La logistique et les opérations de la chaîne d'approvisionnement sont un autre domaine où les données ESG font la différence. Des entreprises comme Unilever, HP et PepsiCo ont commencé à intégrer les critères ESG directement dans leurs stratégies de gestion et d'approvisionnement des fournisseurs, en appliquant les normes ESG à la sélection des fournisseurs, aux contrats et aux évaluations de performance. En surveillant en permanence les pratiques des fournisseurs et en reliant les indicateurs ESG à la prise de décision opérationnelle, ces organisations améliorent leur conformité, réduisent les risques et alignent leurs opérations quotidiennes sur leurs engagements de développement durable à long terme.

La tendance générale est claire : lorsque les entreprises développent des systèmes garantissant l'intégration, la disponibilité et l'exploitation des données ESG, elles ouvrent de nouvelles perspectives en matière de gestion des risques, d'efficacité opérationnelle et de différenciation sur le marché. Ces avantages ne sont pas hypothétiques ; ils se concrétisent déjà et les organisations qui mènent cette transition sont mieux placées pour répondre aux exigences réglementaires tout en créant une valeur commerciale tangible.

Obligation d'opportunité

Le reporting ESG a longtemps été considéré comme un simple exercice de vérification.
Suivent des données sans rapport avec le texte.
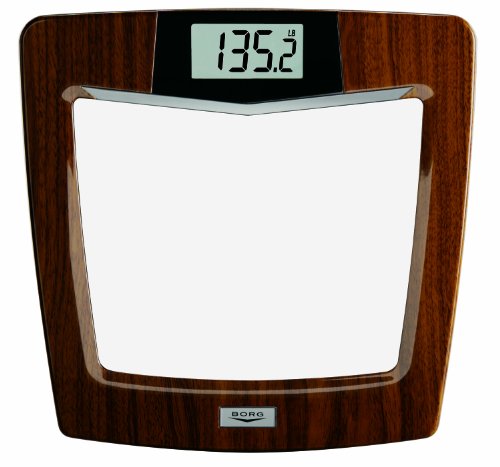 Sophiticated. beautiful. borg. based on heritage of superior design the borg digital scale is designed for discriminating owners whose life is expressed in everything they do-and everything they own. engineered with the highest preceisioni standards, the borg (tm) digital scale combines simplicity with sophistication. an easy to read 1 1/2 inch lcd display shows a capacity weight up to 380 pounds in 0.2 pound increments. includes a glass platform sorrounded by a polished mahogany border. powered by a reliable long-lasting lithium battery (included).

Mais à mesure que les attentes augmentent et que le développement durable devient un élément central de la stratégie d'entreprise, cet état d'esprit évolue. Des informations en temps réel, alimentées par l'IA, aident les entreprises à passer du simple suivi des indicateurs ESG et de développement durable à leur utilisation pour prendre des décisions plus rapides, gérer les risques et améliorer leurs performances. Les entreprises qui s'adapteront tôt seront mieux armées pour affronter la concurrence sur un marché marqué par la responsabilité environnementale et sociale.

Don Kasper est l'ancien PDG, et maintenant cofondateur et vice-président exécutif de l'innovation de Liminal Data Inc., où il dirige le développement de solutions basées sur l'IA qui simplifient les processus complexes de science des données.Avec plus de 25 ans d'expérience en ingénierie et en technologies de bâtiments intelligents, il a occupé des postes de direction dans des entreprises comme Ecorithm et Deepthink Buildings.Chez Liminal, Kasper a été le fer de lance de la création d'Omni-1™, une plateforme alimentée par l'IA qui rationalise la découverte d'informations d'impact, la rendant accessible aux entreprises dépourvues d'expertise interne en science des données.Son travail se concentre sur l'amélioration de la transparence des données et permet aux organisations de prendre des décisions stratégiques éclairées de manière efficace.